Information supplied:
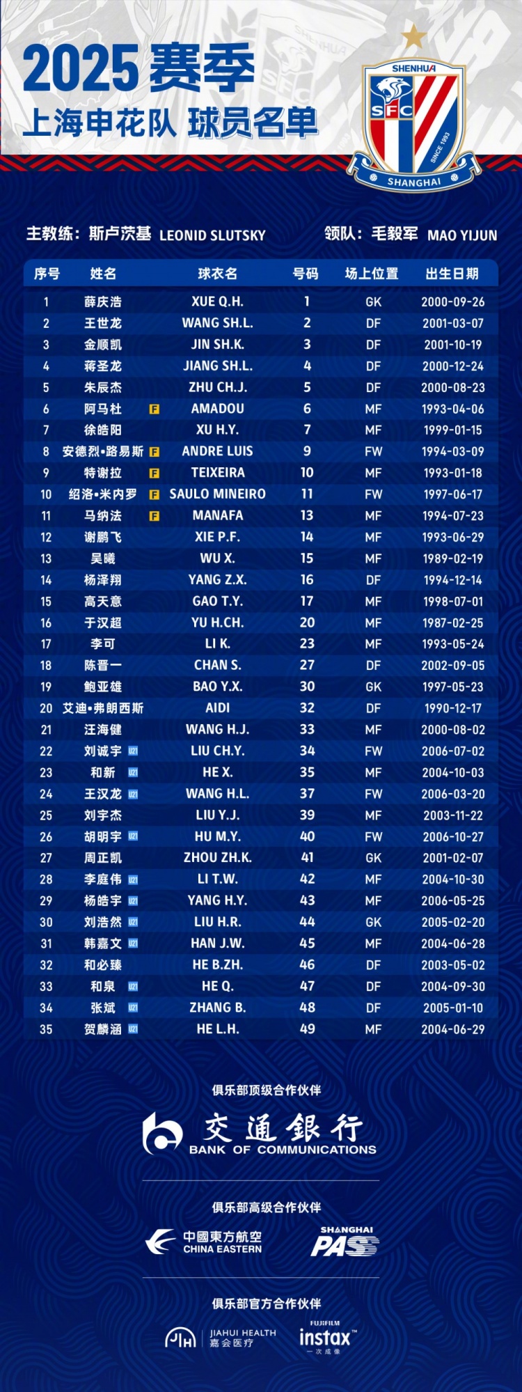 昨天,申花官方公布了2025賽季一線隊(duì)名單。跟上個(gè)賽季相比,申花新賽季的一線隊(duì)年輕球員更多了,有多達(dá)11名U21的年輕球員,所以球隊(duì)的平均年齡已經(jīng)下降到25.4歲,成為中超最年輕的球隊(duì)。北京國安、武漢三鎮(zhèn)、梅州客家并列第2,平均年齡是26.6歲,比申花高出了1.2歲。
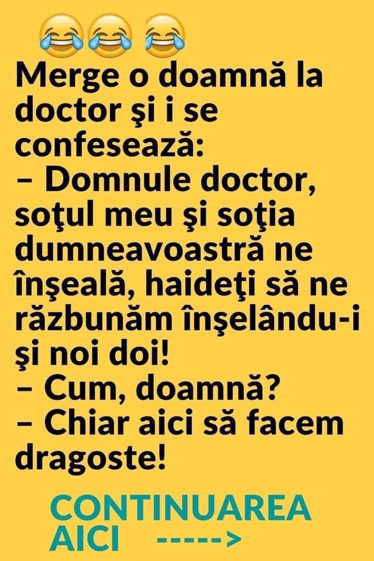 – Domnule doctor, soţul meu şi soţia dumneavoastră ne înşeală, haideţi să ne răzbunăm înşelându-i şi noi doi!
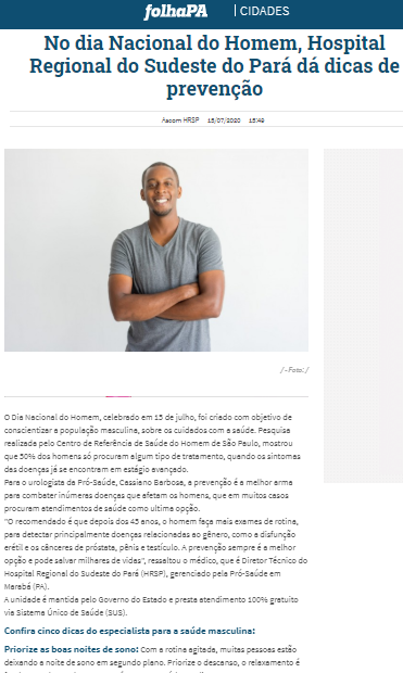 Folha PA – No Dia Nacional do Homem, Hospital Regional do Sudeste do Pará dá dicas de prevenção
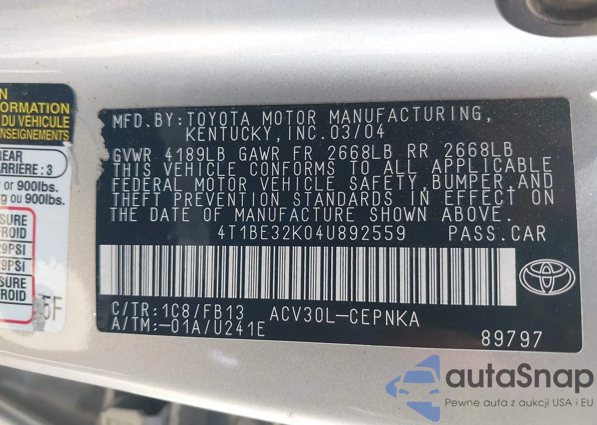 • VIN 4T1BE32K04U892559

What the task requires:
Starting with the line that holds "Folha PA – No", copy every line exactly through the final line of the material, but skip the pictures.

Output:
 Folha PA – No Dia Nacional do Homem, Hospital Regional do Sudeste do Pará dá dicas de prevenção
 • VIN 4T1BE32K04U892559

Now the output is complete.